One of Australia’s most endearing signature animals, the koala, is in danger of dying out unless the government takes action. The koalas (which are mammals but not bears) depend on eucalyptus leaves for both food and water. Primarily nocturnal, they eat between one and two pounds of leaves each night. As urbanization spreads, however, more people are moving into the koalas’ traditional habitat areas and more and more eucalyptus trees are being cut down.

The attendant stress among the koalas is bringing out a latent viral disease that results in infections of the eyes and urinary, reproductive and respiratory tracts that leads to blindness, infertility and death. The disease now infects from 50 percent to 90 percent of the animals. While some koalas are killed by dogs and car accidents, the virus accounts for 60 percent of koala deaths.

When the Europeans settled the continent in the late 1700s, there were millions of koalas. The Australian Koala Foundation estimates that fewer than 100,000 koalas are now left in the country. Many of them are now clustered along the so-called Koala Coast, a 155-square-mile swath of land in the southeastern part of Queensland. The chief executive of the foundation, Deborah Tabart, has urged the government to classify the koala as a threatened species. It is not the only one in Australia. Over 55 Australian mammal, bird and reptile species have become extinct. The koala’s current life-threatening plight underscores the fragility of wildlife not only in Australia but throughout the world as the human footprint becomes heavier and heavier.

A Pastoral Choice

More resources should be put into the availability of retroviral drugs than into the production and distribution of condoms, according to Cardinal Peter Kodwo Appiah Turkson, archbishop of Cape Coast, Ghana, and relator-general of the Second Special Assembly for Africa of the Synod of Bishops. The relator-general, or recording secretary, one of the four papal-appointed key officials of the synod, explained this in a press conference in Rome.

Cardinal Turkson addressed the subject of Catholic teaching on the sensitive topic of ministering to a married couple when one of the two is infected with H.I.V. He said that the priority for African bishops in teaching such couples remains “abstinence, loyalty and fidelity” within marriage. Yet he preferred a pastoral way of ministering to them. The pastor does not decide what the couple must do but rather exposes and opens the issues and allows the person or couple to make their own decision.

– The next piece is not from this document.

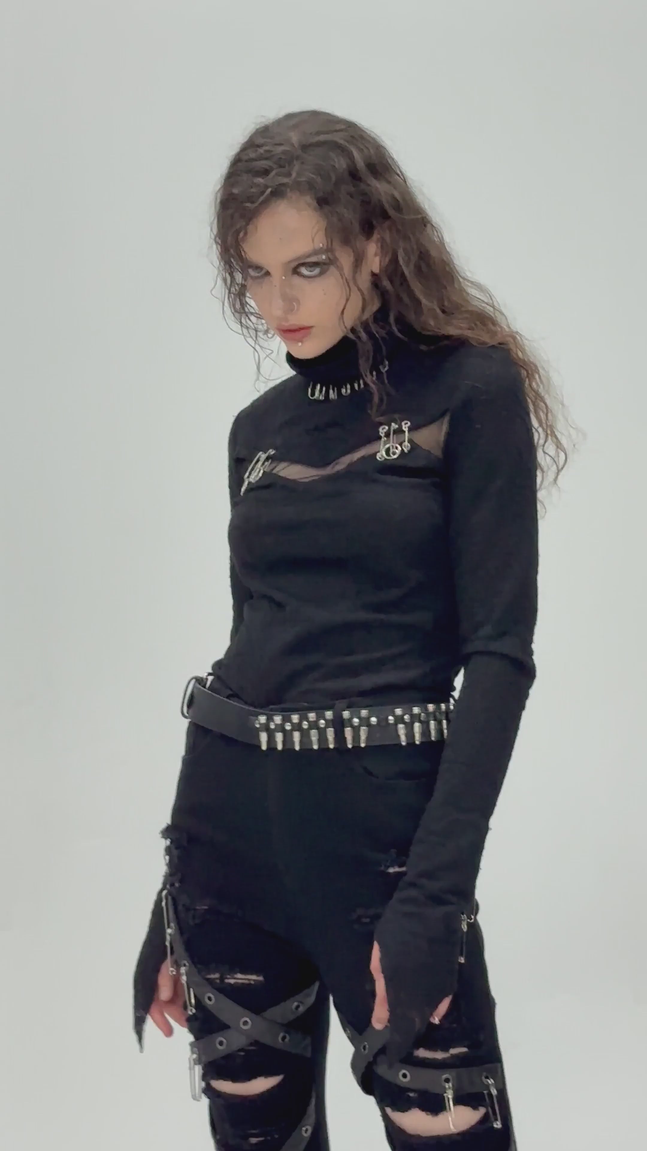 Edgy Gothic Pants with Distressed Details and Hardware.

This would leave open the possibility that couples might choose to use a condom to prevent spreading AIDS to their spouse, a view seldom expressed by church leaders in Africa. The cardinal said he would make sure that couples understand that any use of condoms is risky, since condoms are not always reliable and give users a false sense of security.

In broaching the subject in this way, Cardinal Turkson has shown a style of pastoral leadership that values information and persuasion, respect for the consciences of Catholics in Africa, and an awareness that overcoming the AIDS pandemic requires not only prevention but also medicine.